Snæfellsjökull National Park encompasses much of the western tip of Snæfellsnes Peninsula, and wraps around the rugged slopes of the glacier Snæfellsjökull, the icy fist at the end of the long Snæfellsnes arm. Around its flanks lie lava tubes, protected lava fields, which are home to native Icelandic fauna, and prime coastal bird- and whale-watching spots. The park is criss-crossed with hiking trails, and during proper weather it is possible to visit the glacier with a tour or guide.
Craggy mountains, precarious sea cliffs and plunging waterfalls make up Hornstrandir, one of Europe’s last true wilderness areas, covering some of the most extreme parts of Iceland. It’s a fantastic destination for hiking, with challenging terrain and excellent opportunities for spotting Arctic foxes, seals, whales and teeming bird life. It is essential to plan ahead and get local advice, as vast snow drifts with near-vertical faces can develop on the mountain passes, rivers can become unfordable.
Tumbling in a broad sweep over a 100m-rocky scarp at the head of Dynjandivogur bay, Dynjandi is the most dramatic waterfall in the Westfjords. The bumpy drive to it is famous for incredible views; you'll see how the falls are the catchment area for run-off from the peaks and inland valleys all around. On Monday, Wednesday and Friday from June to August a Westfjords Adventures bus linking Ísafjörður, Brjánslækur and Patreksfjörður stops at Dynjandi twice a day.
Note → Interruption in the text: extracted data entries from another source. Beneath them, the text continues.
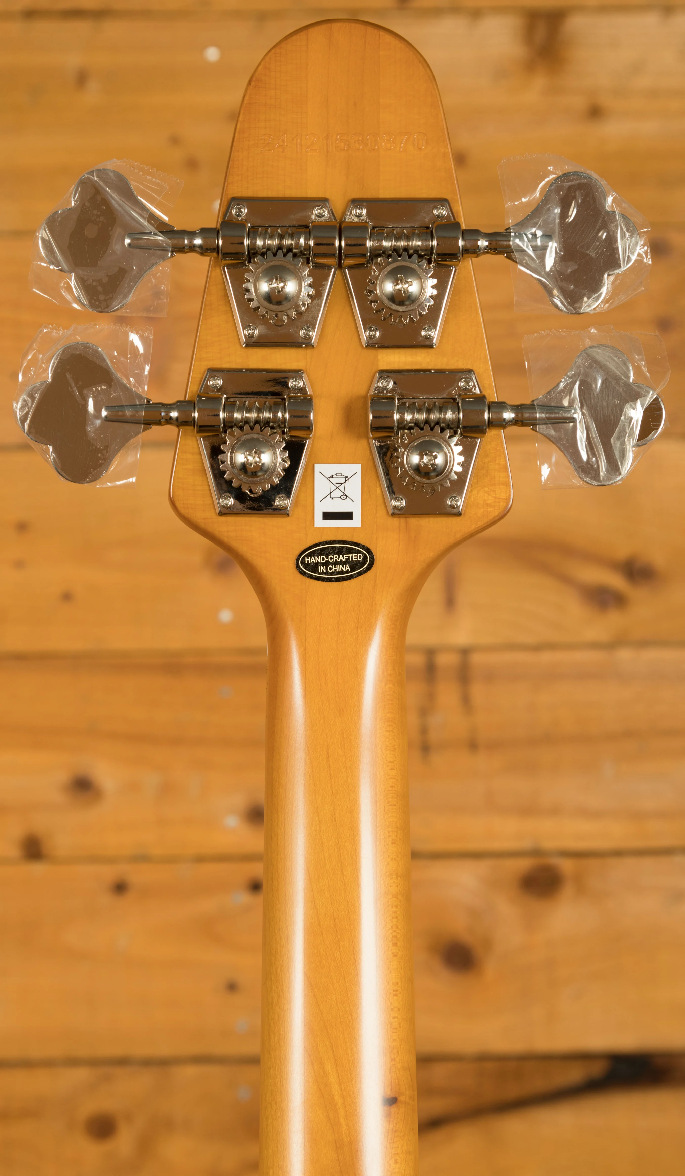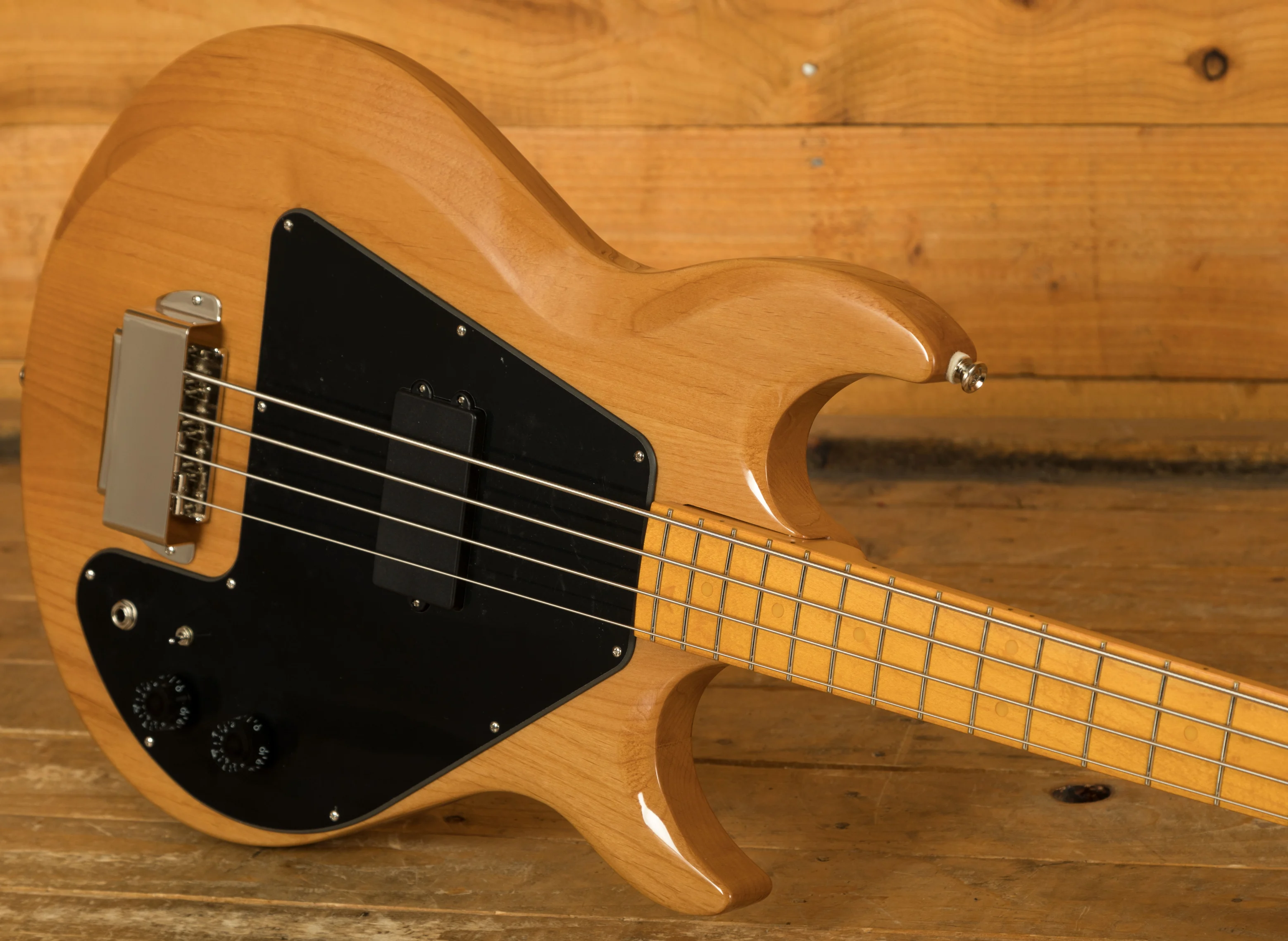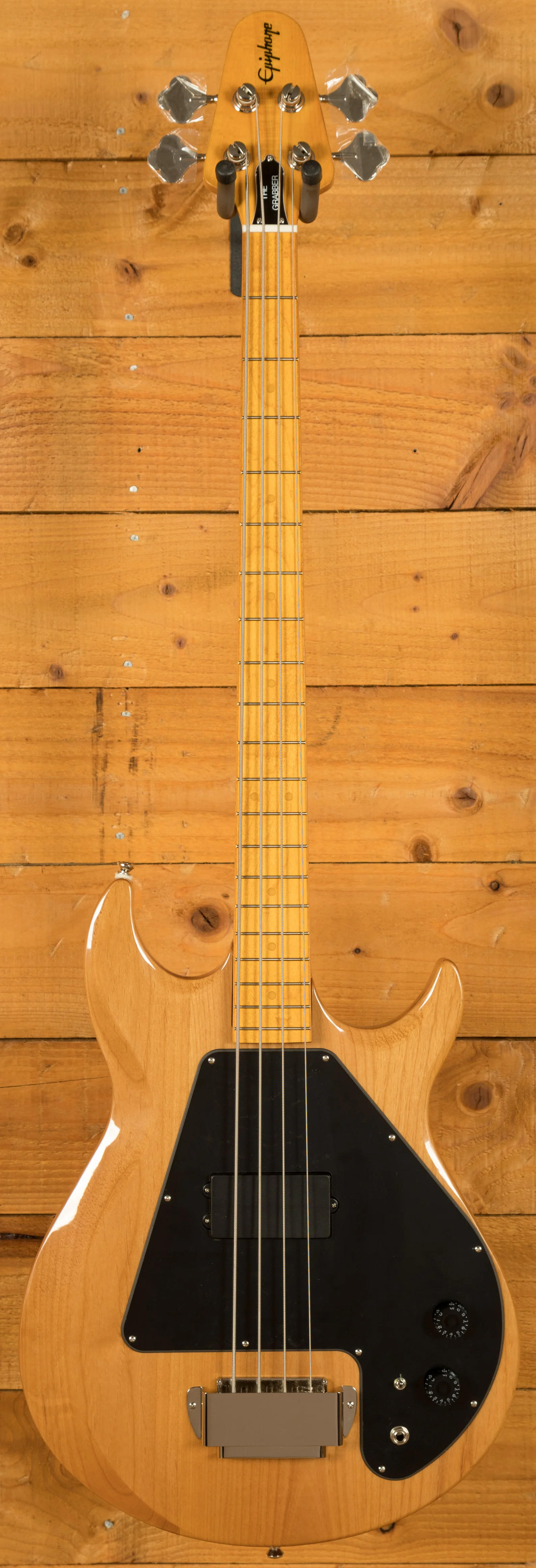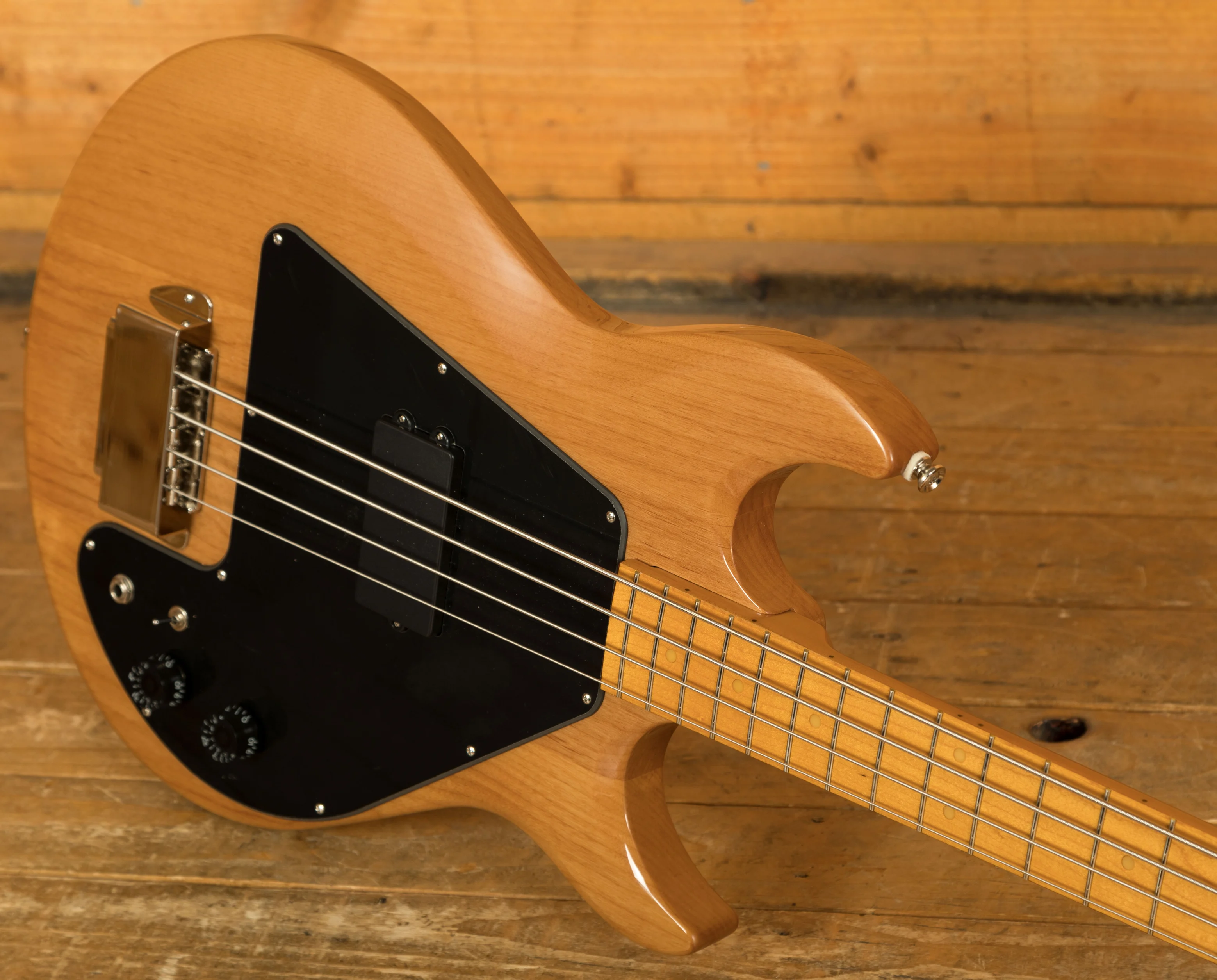 The Alder body is finished in a really cool Natural lacquer, it's well balanced and offers a super comfortable playing experience. It features a traditional classic Grabber spec pickguard, which perfectly complements the unique double-cut body design. Even today, this bass is extremely eye-catching and unique! We love it and we know you will too!
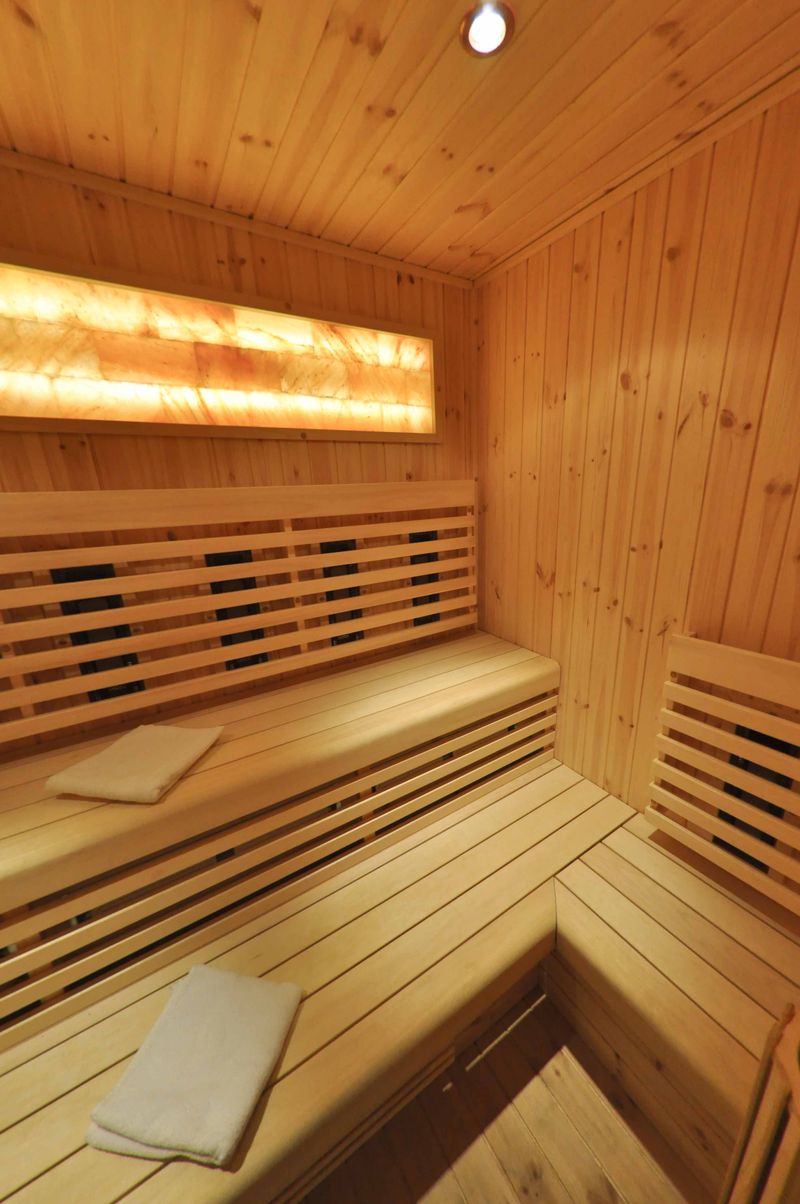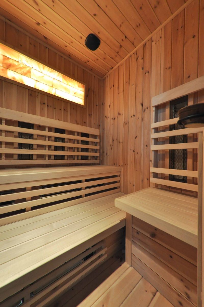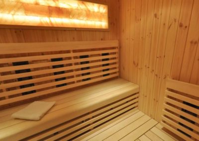 • Ideálním spojením, které ještě zesiluje pozitivní účinky infrasauny, je doplnění o solnou terapii. Tím se potící nebo prohřívací kúra spojuje s efektem solné jeskyně. Sůl prostor sauny přírodní cestou ionizuje, velmi příznivě působí na dýchací cesty, čistí organismus, působí hojivě, a v neposlední řadě pomáhá pokožce vylučovat toxiny z tě Množství soli je dáno velikostí prostoru sauny.
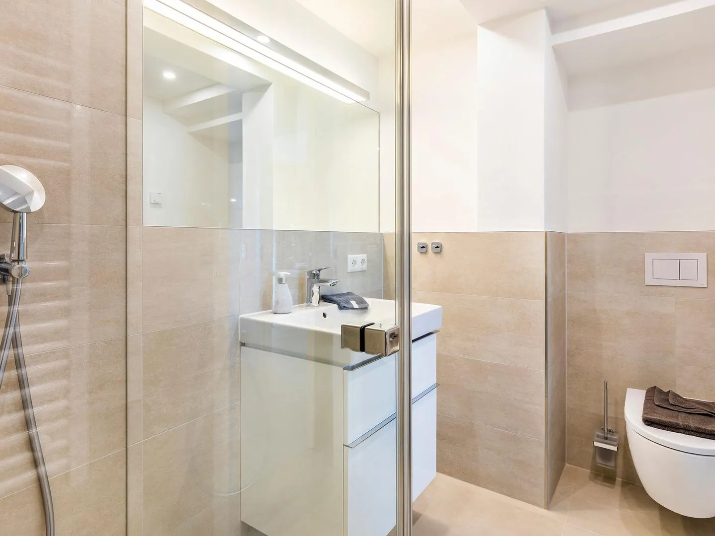 - Badezimmer: Regendusche, WC, Haartrockner

One of Iceland’s most famous tourist attractions, Geysir (gay-zeer; literally ‘gusher’) is the original hot-water spout after which all other geysers are named. Earthquakes can stimulate activity, though eruptions are rare. Luckily for visitors, the very reliable geyser, Strokkur, sits alongside. You rarely have to wait more than five to 10 minutes for the hot spring to shoot an impressive 15m to 40m plume.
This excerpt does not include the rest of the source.